(July 7, 2016) Prairie farmers may remember former Harper Ag Minister Ritz assuring us that killing the Wheat Board would mean grain shipments would flourish.  Grain bin salesmen he said would be unhappy because without the Wheat Board grain shipments would go so quickly that farmers would no longer be interested in storing grain on their farms.

The exact opposite has happened.  There is now a grain storage arms race on the prairies.  On the one side farmers are expanding their own on-farm storage capacity and on the other the grain handling companies are building up their inland storage capacity.  The only catch is that prairie grain farmers will be paying for it all, either directly out of their own pockets or in the form of lower grain cheques as the private companies recoup their investments.
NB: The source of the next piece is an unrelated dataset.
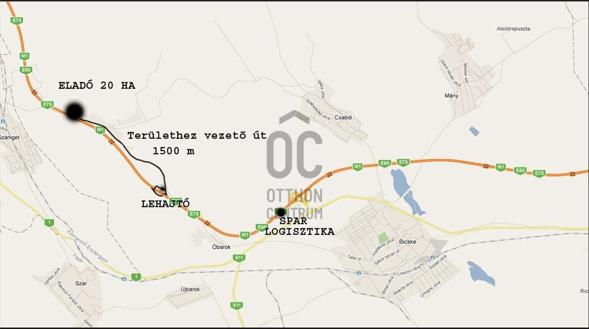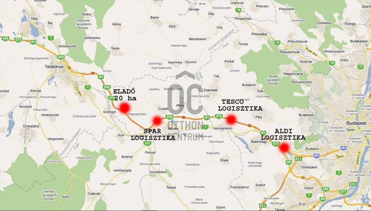 Eladó 19, 2 ha beruházási terület az m1 mellett 60 %-os beépíthetőséggel

So why an arms race in grain storage?  The private grain handlers would like everyone to believe it is the fault of the railways for not responding to their orders on time.  However we know from the data of the December 18, 2014 Canadian Transportation Agency decision on the Western Grain Revenue Entitlement, which deals with grain movement, that this idea might be politely described asbusinessman’s puffery.”
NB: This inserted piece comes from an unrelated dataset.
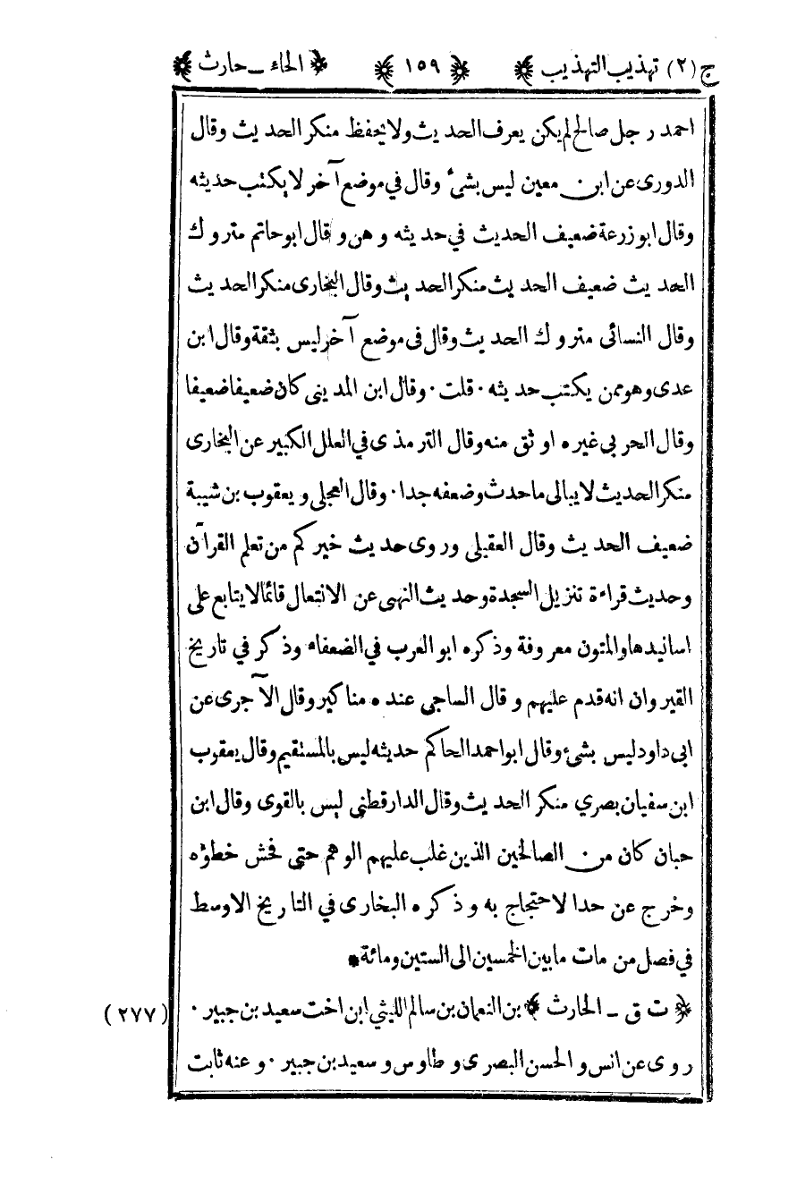 277- "ت ق – الحارث" بن النعمان بن سالم الليثي بن أخت سعيد بن جبير روى عن أنس والحسن البصري وطاوس وسعيد بن جبير. وعنه ثابت

A more fundamental reason for this goes back to a defect in grain and food markets which even Socrates noted some 2,300 years ago:  when there is a good harvest, grain is worth almost nothing in the market and yet scant months later, its value jumps.  Both market prices are irrational.

The political-economist David Ricardo characterized irrationally low post-harvest prices with the term “elasticity of prices” by explaining that “peoples’ bellies are not elastic” and consequently they will pay little or nothing for food once their stomachs are full.

So the arms race in storage is really yet another manifestation of this old wisdom.  Grain companies know that post-harvest farmers, especially younger ones, have bills to pay which presents the companies with a fine opportunity to purchase grain at a discount then dribble it onto the market later when prices are higher.  This is also why well-established farmers now want to hold grain in on farm storage.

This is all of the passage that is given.